1.4. Valoración del escaparate
Analizadas la estética y el contenido, resulta inmediato cuestionarse el valor del escaparate que puede medirse por cuestiones meramente económicas, pero también sociales y domésticas.
A pesar de la dificultad que entraña equiparar tasaciones de épocas tan distantes entre sí y por no entrar en materia ajena, lo que sí cabe, es efectuar la comparativa económica del escaparate en relación al resto de posesiones que tiene una persona, y en concreto a la inversión que realiza en su mobiliario. Esa evolución permite en primer lugar confirmar aproximadamente la cronología del propio mueble ya que sus avalúos responden a la ley de la oferta y la demanda manteniendo, a igualdad de calidades, unos precios relativamente estables desde 1640 a 1730 para descender vertiginosamente desde entonces cuando la sociedad modifica sus gustos:
Además, ese análisis confirma que los precios medios del escaparate suelen ser inferiores a los más costosos escritorios o a las camas torneadas. Pero si el coste del escaparate se incrementa no ya sólo con el valor del soporte, sino, sobre todo, con el del contenido, entonces puede superar las tasaciones del resto de tipologías. Y así es como debe medirse económicamente el escaparate porque fue precisamente ese todo, esa combinación de mueble y contenido, lo que empleó el madrileño barroco para exteriorizar una pretendida condición o unas supuestas creencias religiosas.

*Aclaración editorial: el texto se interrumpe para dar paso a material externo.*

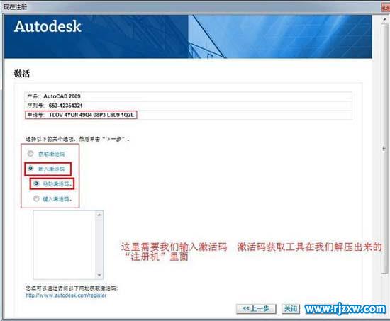 第3步、注意申请号记下来,点击输入激活码,选粘贴激活码,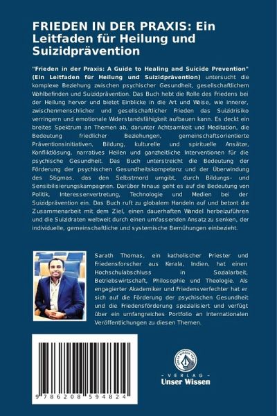 "Frieden in der Praxis: A Guide to Healing and Suicide Prevention" (Ein Leitfaden für Heilung und Suizidprävention) untersucht die komplexe Beziehung zwischen psychischer Gesundheit, gesellschaftlichem Wohlbefinden und Suizidprävention. Das Buch hebt die Rolle des Friedens bei der Heilung hervor und bietet Einblicke in die Art und Weise, wie innerer, zwischenmenschlicher und gesellschaftlicher Frieden das Suizidrisiko verringern und emotionale Widerstandsfähigkeit aufbauen kann. Es deckt ein breites Spektrum an Themen ab, darunter Achtsamkeit und Meditation, die Bedeutung friedlicher Beziehungen, gemeinschaftsorientierte Präventionsinitiativen, Bildung, kulturelle und spirituelle Ansätze, Konfliktlösung, narratives Heilen und ganzheitliche Interventionen für die psychische Gesundheit. Das Buch unterstreicht die Bedeutung der Förderung der psychischen Gesundheitskompetenz und der Überwindung des Stigmas, das den Selbstmord umgibt, durch Bildungs- und Sensibilisierungskampagnen. Darüber hinaus geht es auf die Bedeutung von Politik, Interessenvertretung, Technologie und Medien bei der Suizidprävention ein. Das Buch ruft zu globalem Handeln auf und betont die Zusammenarbeit mit dem Ziel, einen dauerhaften Wandel herbeizuführen und die Suizidraten weltweit durch einen umfassenden Ansatz zu senken, der individuelle, gemeinschaftliche und systemische Bemühungen einbezieht.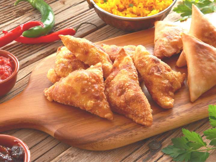 In this interactive cooking class, explore fried foods from around the world. Chef Sara will teach you to make flaky pastry for pyramid-shaped samosas with spiced potato and pea filling along with a tangy yogurt dipping sauce. Banana fritters are a popular dessert from the Caribbean islands to countries across Asia and make a sweet contrast to the savory samosas.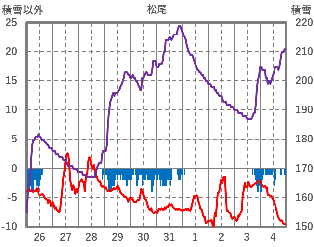 | 日 | 時 | 気温 | 降水 | 風向/風速 | 日照 | 積雪 | 降雪 |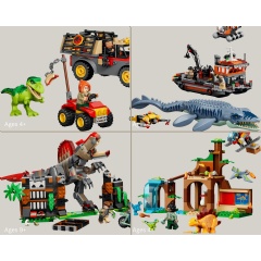 - LEGO Jurassic World Spinosaurus Dinosaur Escape (77982), ages 9+. Recreate the Jurassic Park III scene, planning escape from the rampaging brick-built Spinosaurus.

Pero, como se ha dicho, la estima del escaparate también puede medirse por cuestiones sociales. Para ello se valora su importancia cuando forman parte de una dote o de un legado. Emprender una nueva vida o recordar una que ya ha acabado de mano del escaparate, son manifestaciones del valor que la sociedad deparó a estos muebles que, aún siendo subjetivas al añadir factores emocionales, constituyen la forma más real de entender el valor que una persona otorga a sus posesiones en general, y a sus escaparates en particular. Precisamente de este modo es como hay que «escuchar» el testimonio de los muebles respecto de la sociedad que los emplea, ya que su relato es más íntimo que el que proporcionan otras fuentes.
Aunque sin duda la mejor forma de valorar este mueble, es entendiendo su ubicación en los espacios barrocos y, sobre todo en los civiles.

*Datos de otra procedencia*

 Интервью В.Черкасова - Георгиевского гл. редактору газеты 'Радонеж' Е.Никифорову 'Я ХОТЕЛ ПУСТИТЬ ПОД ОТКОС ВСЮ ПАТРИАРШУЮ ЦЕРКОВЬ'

Una de las principales características del siglo XVII es la estabilidad de la Corte. Madrid se convierte en el centro de actuación de la Monarquía y todos acuden a la villa para asentarse cerca de sus Soberanos. Por ello es necesario acondicionar el palacio, dotarlo de la decoración apropiada y encontrar una ubicación a los muebles que proporcionen a sus dueños la necesaria habitabilidad en su vida diaria. Pero, más que hogar, el palacio barroco debe cumplir una función de representación, de manera que las estancias constituyen por si mismas todo un ritual de etiqueta de acuerdo con el estatus de sus propietarios, cuya vida doméstica les convertía, como decía Santa Teresa, en «esclavos de mil cosas»31. El linaje, la limpieza de sangre, la situación económica, la trayectoria social e intelectual se expresaron a través de la selección de objetos y de su disposición ambiental. Resulta indiscutible que la sociedad barroca pretenda la correcta presentación de su espacio porque, en definitiva, es la primera percepción que transmite a sus visitantes. Aquí cobra especial importancia el escaparate, pues incorpora la ostentación mundana y devocional a los reductos familiares, que en el Siglo XVII no son sino meros apéndices de la vida pública de sus dueños.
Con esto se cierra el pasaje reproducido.